─── RECORDS TO PROCESS
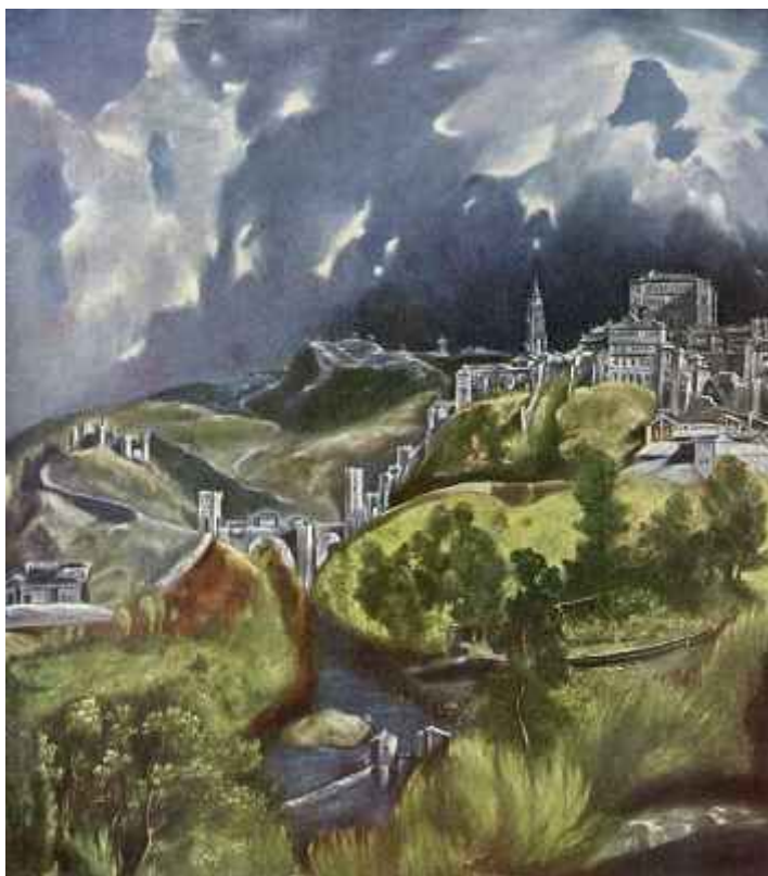
Эль-Греко. Вид на Толедо

Живопись барокко разделилась на церковную и придворно-бюргерскую. Первая широко представлена храмовыми росписями. Самым выдающимся ее представителем был Эль-Греко (Испания). Его персонажи с удлинненными фигурами и аскетическими лицами символизируют страстную веру.
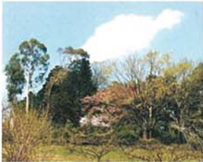
森 窪添 康洋
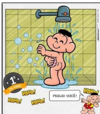
Imagem 4: primeiro de abril
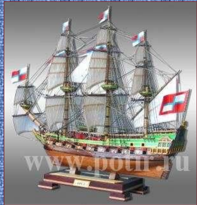
Макет корабля «Орёл»
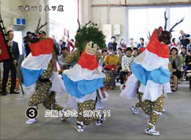
川東 | 五ツ鹿
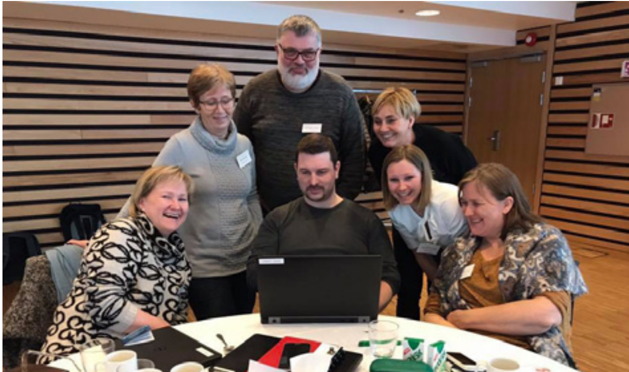
Foto fra Etikk, kvalitet og ledelse konferansen i Tromsø. Harstad kommune i etisk refleksjon.
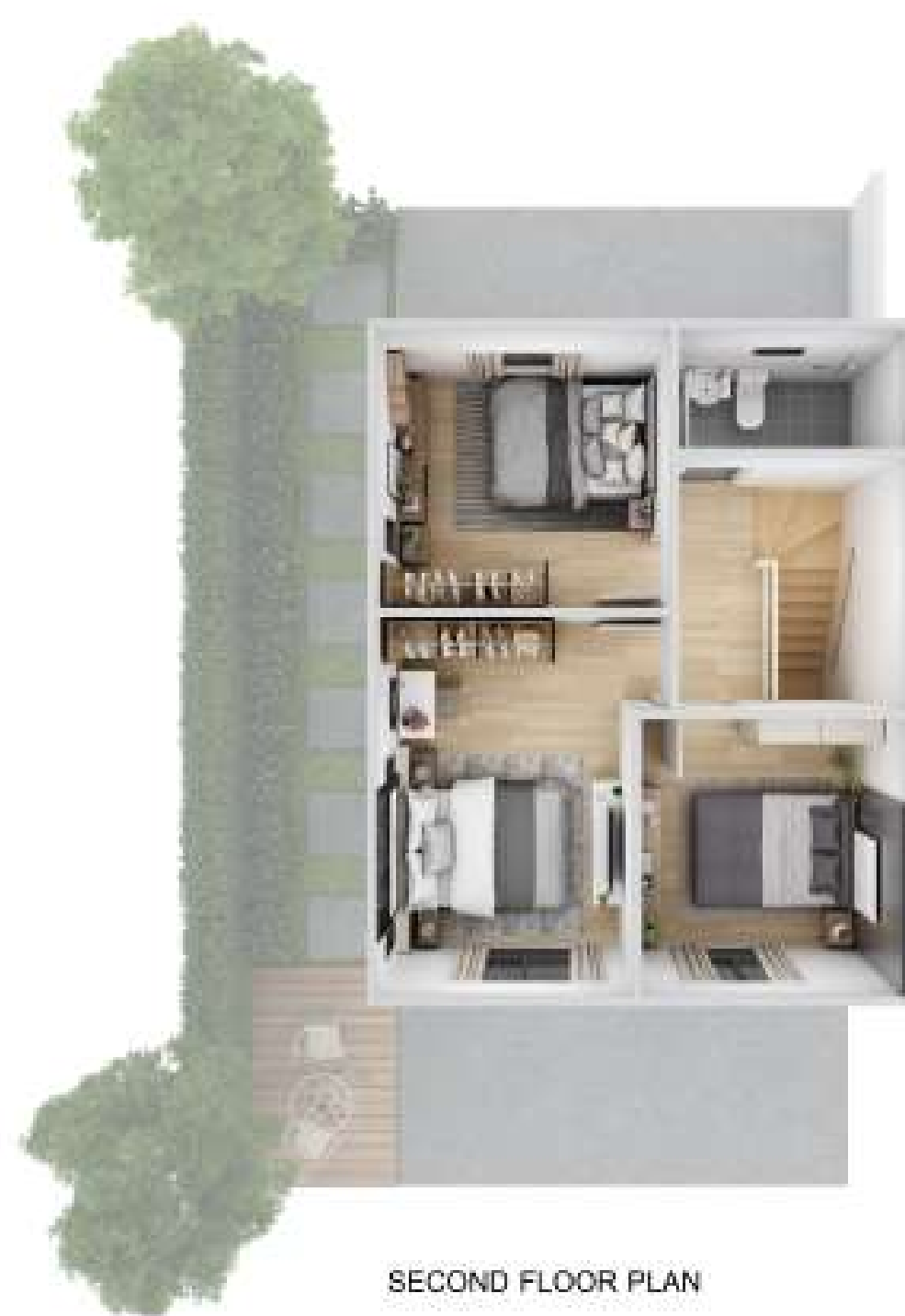
SECOND FLOOR PLAN
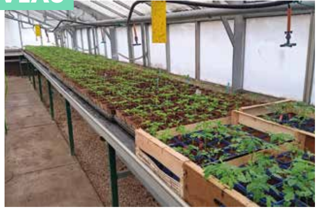
Ça pousse dans nos serres municipales !
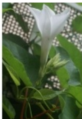
à inconnu observée le 23 juillet 2007 par Liliane Roubaudi

Réseau Tela botanica, Programme Flora Data, version dynamique.
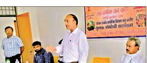
किसानों को संबोधित करते अतिथि।

चंपतपुर गांव स्थित राजकीय पौधशाला में आयोजित गोष्ठी में मुख्य अतिथि के रूप में मौजूद कानपुर मंडल के उपनिदेशक
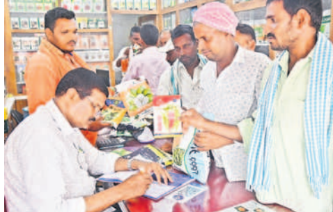
వరంగల్ స్టేషన్ రోడ్ లోని విత్తన షాపులో రైతులు
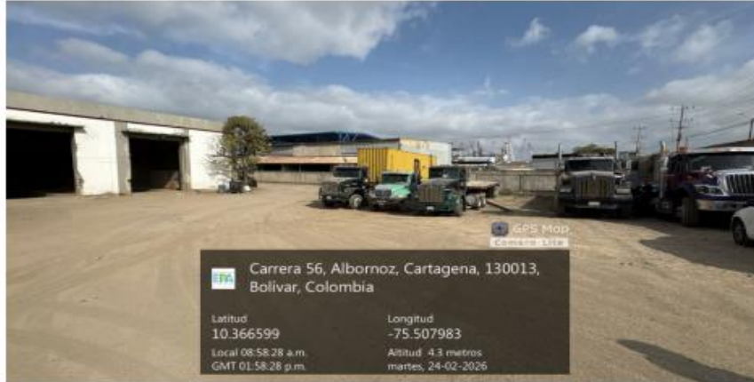
Figura 3: Instalaciones del Parqueadero de la Constructora Emma LTDA
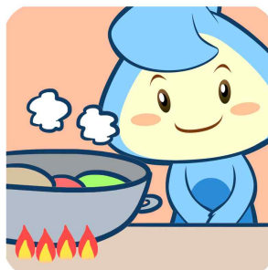
음식물은 익혀서 먹기
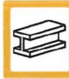
METALES (Férricos y no férricos) Consultar
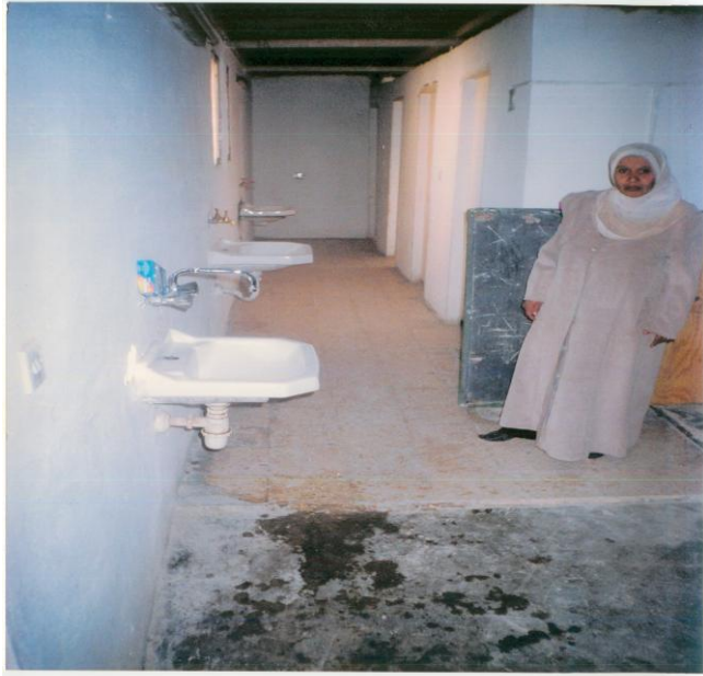
المرافق الصحية في مدرسة الحميمة الأساسية

• يبلغ عدد المعلمين والمعلمات (432) وبمعدل (13) طالب لكل معلم و (23) طالب في كل شعبة وهي نسبة جيدة مقارنة بنسبة الإحصاءات العامة للمملكة.
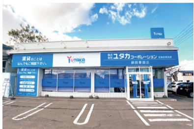
釧路愛国店さん(営業部)

【店舗名】株式会社ユタカコーポレーション 【業態】不動産関係 【本社所在地】北海道釧路市光陽町13番20号 【営業部所在地】北海道釧路市愛国西1丁目31番16号 【本社連絡先】0154-231-2255(代) 【営業部連絡先】0154-391-3949 【サービス内容】賃貸仲介料20%割引 賃貸などのご相談があれば、ユタカコーポレーションへご連絡ください。
──────
* [TASK DETAILS]:
Out of the records above, please copy exactly the lines from the line with "चंपतपुर गांव स्थित" up to and including the line with "المرافق الصحية في مدرسة الحميمة الأساسية", minus the pictures.

* [RESULT OF THIS EXERCISE]:
चंपतपुर गांव स्थित राजकीय पौधशाला में आयोजित गोष्ठी में मुख्य अतिथि के रूप में मौजूद कानपुर मंडल के उपनिदेशक
వరంగల్ స్టేషన్ రోడ్ లోని విత్తన షాపులో రైతులు
Figura 3: Instalaciones del Parqueadero de la Constructora Emma LTDA
음식물은 익혀서 먹기
METALES (Férricos y no férricos) Consultar
المرافق الصحية في مدرسة الحميمة الأساسية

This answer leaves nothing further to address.